We’ll never know what might have been achieved if the players had organized more effectively, made more radical demands, or ignored the advice of the man who brought you such lose-lose solutions as warmed-over Romneycare and the Beer Summit. Creating more polling places is all well and good, but it’s obvious that increased voter turnout isn’t the panacea liberals imagine it to be. Same goes for a committee devoted to racial justice within the league, although similar groups like the Player’s Coalition and MLS’ Black Players for Change have done meaningful things like stage highly-visible demonstrations, lobby against qualified immunity, and force leagues to donate to underserved communities.

That being said, the players could have dreamed much bigger. Why not demand that Houston Rockets owner Tillman Fertitta donate to bail funds instead of cutting seven-figure checks to the Trump Victory PAC and the RNC? Or ask that Orlando Magic owner Dan DeVos call on his sister-in-law Betsy to stop gutting our nation’s public school system? The players could have simply demanded that Fertitta, DeVos, and other right-wing owners sell their teams, as the racist owner of MLS’ Real Salt Lake and the NWSL’s Utah Royals FC is currently being forced to do. If that sounds like a reach, recall how quickly the league pushed out former Los Angeles Clippers owner Donald Sterling once his decades of racism became public knowledge.

Many on the left came away from the NBA players’ brief strike disappointed, and I sympathize. It wasn’t fun to watch, for the second time this year, as Obama’s intervention scuttled an exciting progressive project.

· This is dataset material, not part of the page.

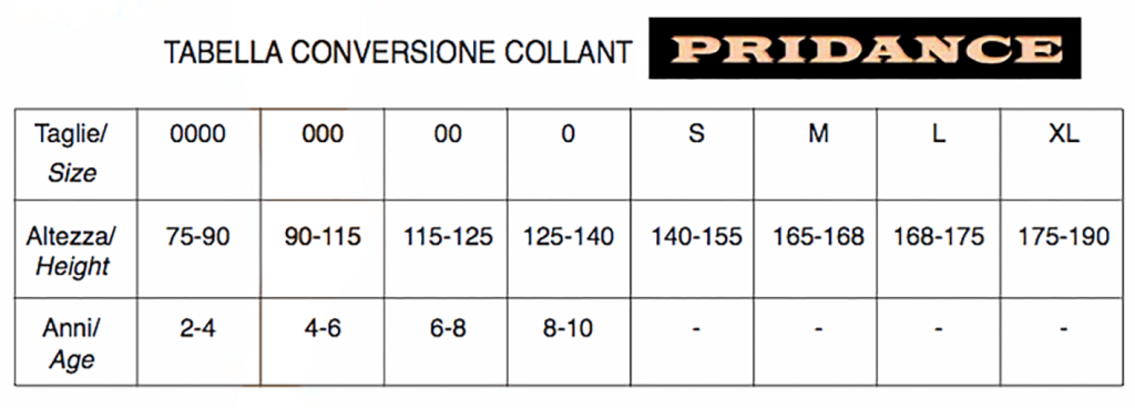 | Tights sizes | 00, 000, L, m, St, XL |

For some, it may be tempting to dismiss what happened entirely, or to read it as proof that sports is nothing more than a distraction from “real” political issues. But there are two good reasons not to do that, the first of which is: that’s exactly what conservatives are saying. If there’s one thing that the outright sickos in the Proud Boys, the learned sickos at the National Review, and every conservative in between can agree upon, it’s that athletes are spoiled, ungrateful dullards who have no business injecting their opinions into the politics-free “oasis” that is sports. If you ever find yourself agreeing with these people, stop and think about what you’re doing.

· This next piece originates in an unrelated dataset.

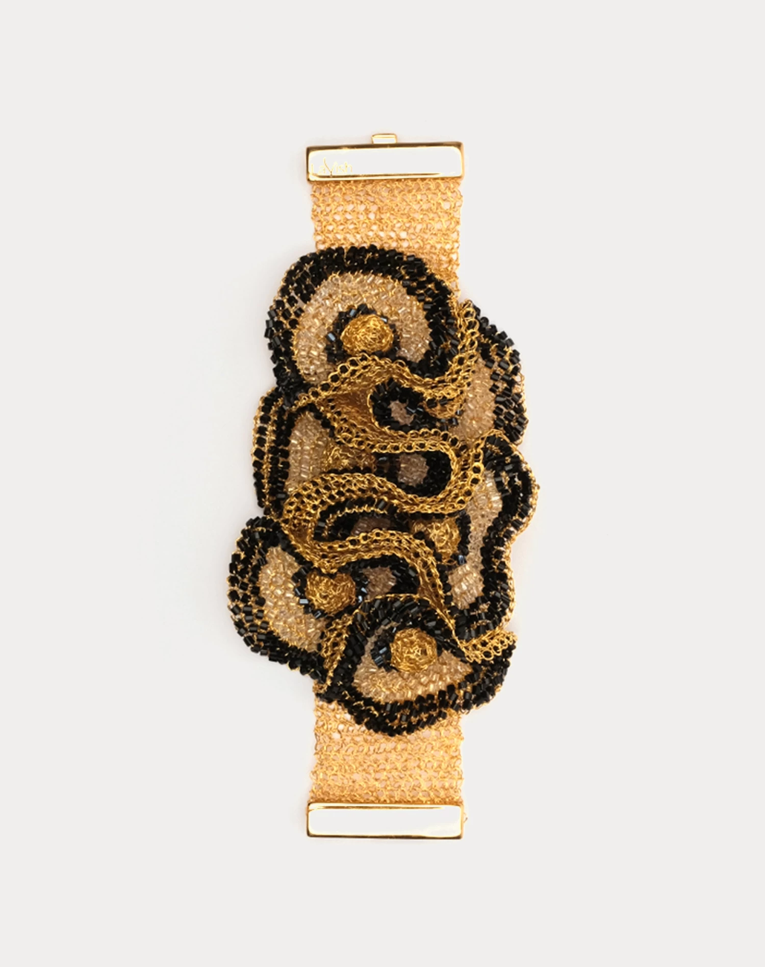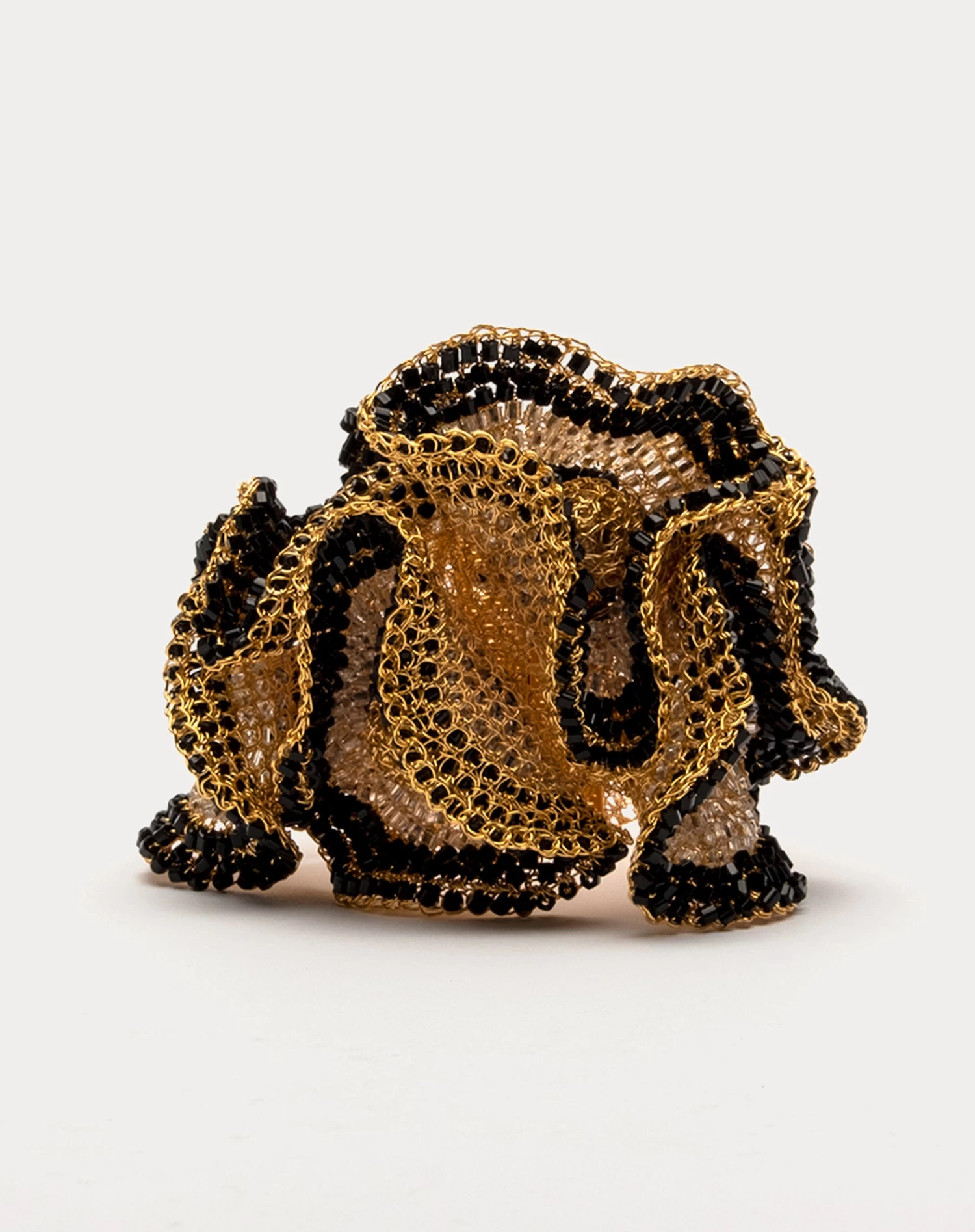 A black and gold handwoven wire floral design adorns this statement making Buttercup Bracelet.

Moreover, there’s absolutely nothing that says that the Obama-brokered “resolution” to NBA players’ political awakening is the end. In fact, there’s evidence it was a beginning. Athletes across the country realized the power of their collective action, and they clearly have some people scared of what they might do next. As the great Dave Zirin recently pointed out, the NFL is terrified that its players will follow in the footsteps of their NBA counterparts and derail football season. The players themselves seem fully aware that there’s much more to be done, and they’ve talked about striking again. The notion that pro athletes could “solve racism” is absurd, but it’s entirely within their power to make material gains for the antiracist cause—league owners are awash in money, and players are becoming more and more involved in determining how that money gets spent. And while there’s no accounting for intangibles like the strike’s effect on the national psyche, it’s undeniable that 72 hours of wall-to-wall coverage of a labor action counted for something. According to Zirin, it’s gotten labor talking about strikes again.

The sports strike did not happen in a vacuum. It was part of both a nationwide protest movement and an encouraging trend of athletes taking political risks. From Kaepernick to the U.S. Women’s Soccer Team to the WNBA players who campaigned against their anti-BLM boss in a Georgia senate race, recent events have dealt blow after blow to the notion that sports is, has ever been, or should be apolitical. This was the first time that the movement for racial and social justice in professional sports has operated as such a cohesive unit. It will not be the last. The next time players strike, they’ll be more confident, better organized, and more ambitious. This prospect has all the right people afraid. Even if it goes down in history as a “boycott,” the sports strike was an exciting and high-profile example of labor action, the closest thing we’ve seen to a general strike in 2020. So far.